Reputation: 348
I am in python3.3.
What is the difference between a unicode string and a binary string?
b'\\u4f60'
u'\x4f\x60'
b'\x4f\x60'
u'4f60'
The concept of Unicode and binary string is confusing. How can i change b'\\u4f60'
into b'\x4f\x60'
?
Upvotes: 4
Views: 3745
Reputation: 25954
First - there is no difference between unicode literals and string literals in python 3. They are one and the same - you can drop the u
up front. Just write strings. So instantly you should see that the literal u'4f60'
is just like writing actual '4f60'
.
A bytes
literal - aka b'some literal'
- is a series of bytes. Bytes between 32 and 127 (aka ASCII) can be displayed as their corresponding glyph, the rest are displayed as the \x
escaped version. Don't be confused by this - b'\x61'
is the same as b'a'
. It's just a matter of printing.
A string literal is a string literal. It can contain unicode codepoints. There is far too much to cover to explain how unicode works here, but basically a codepoint represents a glyph (essentially, a character - a graphical representation of a letter/digit), it does not specify how the machine needs to represent it. In fact there are a great many different ways.

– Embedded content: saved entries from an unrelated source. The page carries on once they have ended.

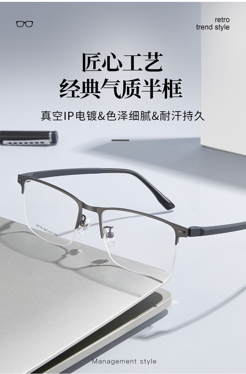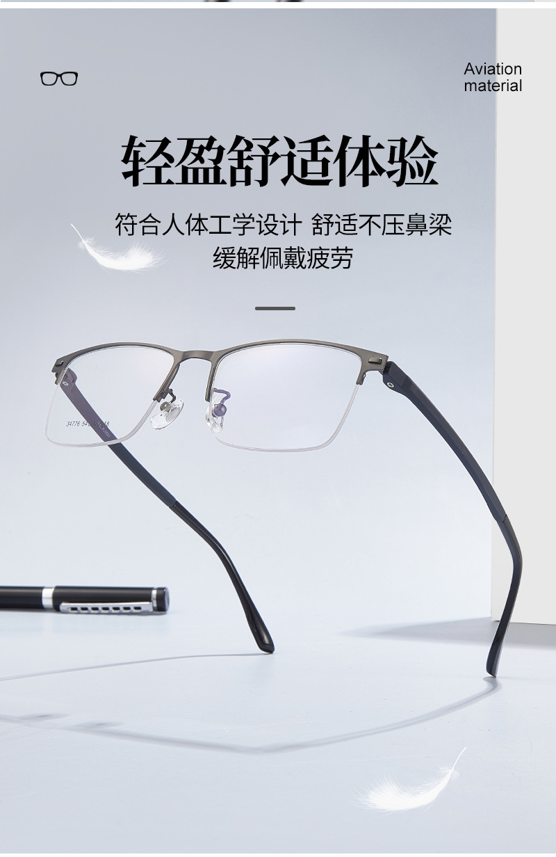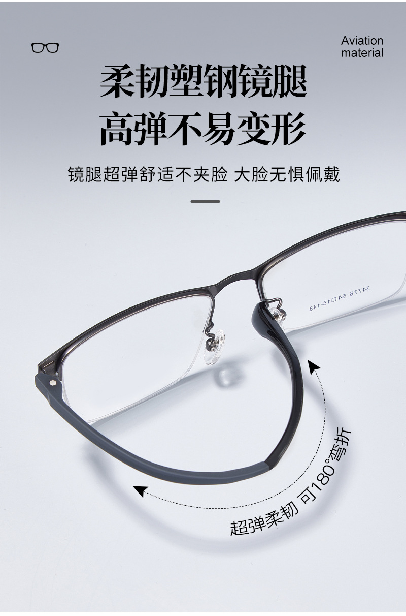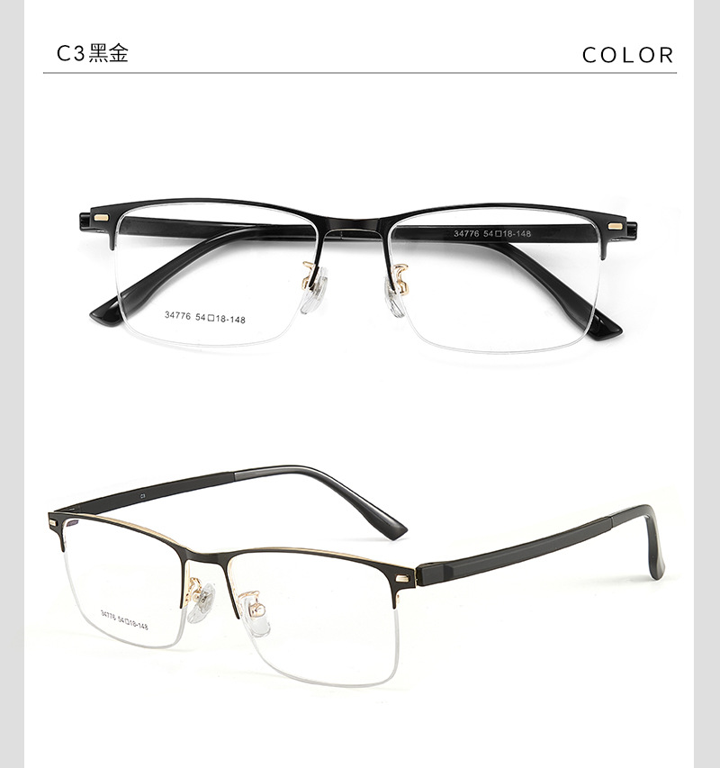 Mayorista de gafas metálicas masculinas de politecnología de transporte de negocios de aleación de medio marco marco de gafas de acero antideslizante con gafas al por mayor
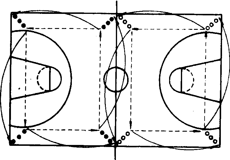 游戏方法 将学生分成人数相等的甲乙两队, 各占半场,每队平均分为4组,各组成一路纵队分别在本队半场上,排头面向中间站好。其中一组排头持球。教师发出口令后比赛开始,两队同时进行,持球者将球沿逆时针方向传给第二组排头,传出球后,迅速跑到第二组队尾站好,第二组排头接球后将球向下一组传去,并迅速跑到下一组排尾,以此连续进行传球。每次传出球后,全队喊出连续传球的次数,当教师再发口令时,接到球的学生立即沿顺时针方向传球并跑动。在规定时间内以连续传球次数多者为胜。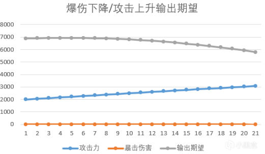 从图中我们可以看出,在攻击力为2000时,前六个攻击力词条和爆伤词条基本等价,随后攻击力的价值急剧下降。

Thus there is a very large difference between bytes
literals and str
literals. The former describe the machine representation, the latter describe the alphanumeric glyphs that we are reading right now. The mapping between the two domains is encoding/decoding.
I'm skipping over a lot of vital information here. That should get us somewhere though. I highly recommend reading more since this is not an easy topic.
How can i change
b'\\u4f60'
intob'\x4f\x60'
?
Let's walk through it:
b'\u4f60'
Out[101]: b'\\u4f60' #note, unicode-escaped
b'\x4f\x60'
Out[102]: b'O`'
'\u4f60'
Out[103]: '你'
So, notice that \u4f60
is that Han ideograph glyph. \x4f\x60
is, if we represent it in ascii (or utf-8, actually), the letter O (\x4f
) followed by backtick.
I can ask python to turn that unicode-escaped bytes
sequence into a valid string with the according unicode glyph:
b'\\u4f60'.decode('unicode-escape')
Out[112]: '你'
So now all we need to do is to re-encode
to bytes, right? Well...
Coming around to what I think you're wanting to ask -
How can i change
'\\u4f60'
into its proper bytes representation?
There is no 'proper' bytes representation of that unicode codepoint. There is only a representation in the encoding that you want. It so happens that there is one encoding that directly matches the transformation to b'\x4f\x60'
- utf-16be
.
b'\\u4f60'.decode('unicode-escape').encode('utf-16-be')
Out[47]: 'O`'
The reason this works is that utf-16
is a variable-length encoding. For code points below 16 bits it just directly uses the codepoint as the 2-byte encoding, and for points above it uses something called "surrogate pairs", which I won't get into.
Upvotes: 6